→ Supplied data:
'''

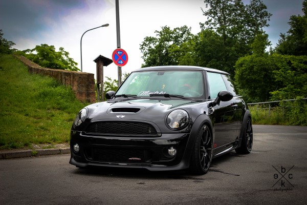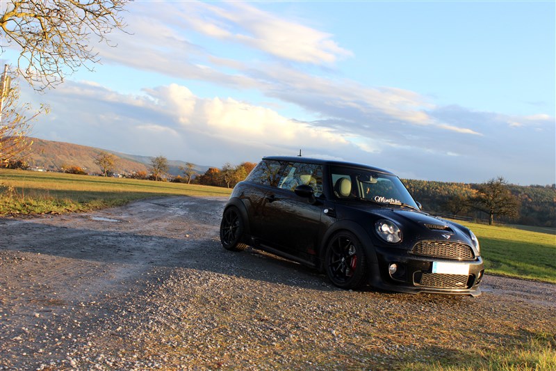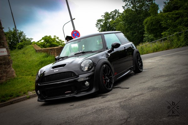 Wir haben uns gegen original Mini Felgen entschieden und haben uns Sparco Trofeo4 in schwarz Matt entschieden. Die größe der Felgen ist 7,0 x 17 Zoll ET37 mit ner 205/45/R17 Bereifung.
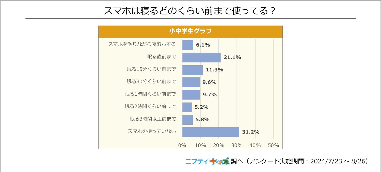 【調査結果】小中学生の21.1%が「眠る直前までスマホを使用」、中にはスマホを触りながら寝落ちする人も。睡眠不足を感じる小中学生は57.3%
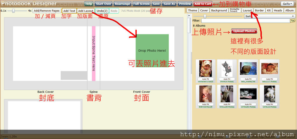 最好是先預覽(preview)一下相簿弄出來長怎樣...

'''

→ What to do:
Retype the listing above exactly as it appears, omitting the pictures.

→ Exercise response:
 Wir haben uns gegen original Mini Felgen entschieden und haben uns Sparco Trofeo4 in schwarz Matt entschieden. Die größe der Felgen ist 7,0 x 17 Zoll ET37 mit ner 205/45/R17 Bereifung.
 【調査結果】小中学生の21.1%が「眠る直前までスマホを使用」、中にはスマホを触りながら寝落ちする人も。睡眠不足を感じる小中学生は57.3%
 最好是先預覽(preview)一下相簿弄出來長怎樣...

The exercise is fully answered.